MONTREAL — U.S. investment firm Browning West has requested a special meeting of Gildan Activewear Inc. shareholders to replace a majority of the company's directors and reinstate Glenn Chamandy as chief executive.

The firm, which owns a five per cent stake in Gildan, said Tuesday that it wants to replace eight of the company's 11 board members including chair Donald Berg, up from an earlier plan to replace five directors.

The firm said in a letter to shareholders that it expanded the slate because "new information has come to light in recent days indicating that the board is deeply entrenched and is entirely unresponsive to shareholder demands."

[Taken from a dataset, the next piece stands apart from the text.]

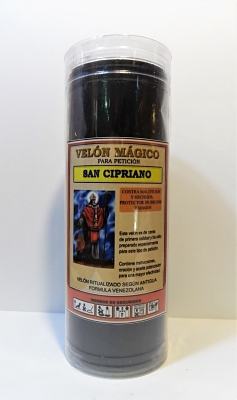 Velón esotérico ritualizado para ofrenda a San Cipriano. Para protección contra maleficios y hechizos.
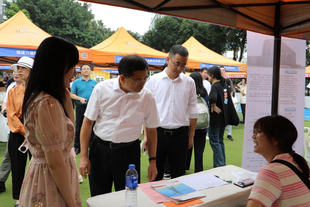6月14日上午,福建省新业态毕业生专场供需见面会在大赢家体育app下载仓山校区举办。校党委书记林子波、副校长谢敏峰到场指导。

"The urgent need for even more substantial change became apparent once we learned that the Board unanimously: (i) will not consider the reinstatement of Glenn Chamandy as CEO, (ii) is committed to appointing Vincent Tyra to the CEO role, and (iii) is not willing to reconstitute the Board in a credible manner," Browning West wrote.

The push for change comes as shareholders, Chamandy and the company have been exchanging barbs since December, when Gildan announced his departure from the apparel firm he co-founded. The company simultaneously announced Tyra, a former Fruit of the Loom executive, would be Chamandy's replacement.

A handful of shareholders, including Gildan's largest shareholder Jarislowsky Fraser, have since sought a reversal of the decision.

But Gildan's board has held strong.

On Tuesday, the company acknowledged receipt of Browning West's request for a special meeting and promised to respond once it has reviewed the demand.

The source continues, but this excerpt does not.